No começo pareciam férias. A gente tinha mais tempo livre e vontade de aproveitar a casa. Deu vontade de tirar todos os planos do papel. Ler todos os livros que foram comprados e colocados direto na estante, alguns sem nem sair do plástico. Logo veio uma lista de filmes na cabeça e uma vontade de fazer uma maratona. Porque agora ia ter mais tempo ocioso, e dava até pra trabalhar de pijama. Não que não tivesse medo também, estávamos chegando a 1000 mortos e dentre eles não estavam mais só gente idosa e com um histórico ruim. Tinha esperança também; as pessoas aplaudiram os profissionais da saúde da janela de casa. 

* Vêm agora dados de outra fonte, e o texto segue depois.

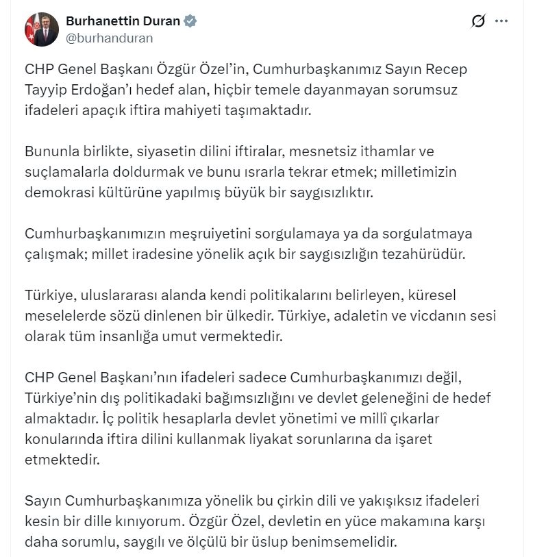 İletişim Başkanı Duran, sanal medya hesabından yaptığı açıklamada, "CHP Genel Başkanı Özgür Özel'in, Cumhurbaşkanımız Sayın Recep Tayyip Erdoğan'ı hedef alan, hiçbir temele dayanmayan sorumsuz ifadeleri apaçık iftira mahiyeti taşımaktadır. Bununla birlikte, siyasetin dilini iftiralar, mesnetsiz ithamlar ve suçlamalarla doldurmak ve bunu ısrarla tekrar etmek; milletimizin demokrasi kültürüne yapılmış büyük bir saygısızlıktır. Cumhurbaşkanımızın meşruiyetini sorgulamaya ya da sorgulatmaya çalışmak; millet iradesine yönelik açık bir saygısızlığın tezahürüdür. Türkiye, uluslararası alanda kendi politikalarını belirleyen, küresel meselelerde sözü dinlenen bir ülkedir. Türkiye, adaletin ve vicdanın sesi olarak tüm insanlığa umut vermektedir. CHP Genel Başkanının ifadeleri sadece Cumhurbaşkanımızı değil, Türkiye'nin dış politikadaki bağımsızlığını ve devlet geleneğini de hedef almaktadır. İç politik hesaplarla devlet yönetimi ve milli çıkarlar konularında iftira dilini kullanmak liyakat sorunlarına da işaret etmektedir. Sayın Cumhurbaşkanımıza yönelik bu çirkin dili ve yakışıksız ifadeleri kesin bir dille kınıyorum. Özgür Özel, devletin en yüce makamına karşı daha sorumlu, saygılı ve ölçülü bir üslup benimsemelidir" dedi. (DHA)

Em abril o rosto do então ministro da Saúde Luiz Henrique Mandetta começou a ficar conhecido do grande público. Ele, além de médico, era um político experiente e começou a chamar atenção da população; suas posições eram ponderadas e parecia saber o que estava sendo feito, para deleite dos apoiadores do presidente e alívio dos demais. Mas logo essa atenção começou a ficar indesejada. Além disso, o presidente que falava em gripezinha também dizia estar preocupado com economia, e que não dava pra tudo ficar parado. Também surgiu a história da cloroquina, que passou a ser defendida como uma cura milagrosa, enquanto os mais precavidos preferiam olhar com calma. Muita gente correu na farmácia pra comprar o negócio sem nem saber dos riscos. 

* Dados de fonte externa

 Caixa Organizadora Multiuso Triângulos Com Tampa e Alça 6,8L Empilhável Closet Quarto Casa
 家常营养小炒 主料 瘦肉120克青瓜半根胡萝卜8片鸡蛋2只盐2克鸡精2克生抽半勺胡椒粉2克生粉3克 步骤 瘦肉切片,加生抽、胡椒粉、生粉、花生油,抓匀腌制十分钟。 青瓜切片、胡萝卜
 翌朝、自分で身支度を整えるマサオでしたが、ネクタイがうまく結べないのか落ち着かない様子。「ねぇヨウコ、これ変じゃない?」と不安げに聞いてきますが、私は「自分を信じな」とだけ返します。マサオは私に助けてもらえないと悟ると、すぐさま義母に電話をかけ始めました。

Daí o presidente e o ministro começaram a se desentender, até que uma entrevista na Rede Globo, domingo a noite em horário nobre, foi a gota d´agua. Mandetta saiu. Parte daqueles que diziam que ele fazia um bom trabalho, agora começaram a criticar a sua conduta e preferiram seguir a linha do presidente. O novo ministro também era médico e empresário do ramo da saúde. Mas não ia durar muito. 

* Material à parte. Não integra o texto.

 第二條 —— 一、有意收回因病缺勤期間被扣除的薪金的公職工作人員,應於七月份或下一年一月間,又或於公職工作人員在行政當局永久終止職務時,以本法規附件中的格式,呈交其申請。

Nesse momento a quarentena começou a perder a graça também. A bagunça não era só lá fora, mas aqui dentro também. Começou a dar mais saudades de ver as pessoas. Agora já era hora de arrumar solução pra muita coisa, dar um jeito de fazer tudo dentro de casa. Mas os livros continuavam na estante. Alguns até saíram. Uns filmes também foram assistidos. O tempo já nem parecia mais ser tão grande assim. E o desanimo ia aparecendo. É engraçado porque é um sentimento meio sem forma, sem cara, sem explicação. As vezes ele só aparece ali e você o deixa entrar – ou sair, sei lá – e não dá vontade de lutar contra ele. Tem quem diga que conseguiu ficar muito mais produtivo, que diz que nunca trabalhou tanto. 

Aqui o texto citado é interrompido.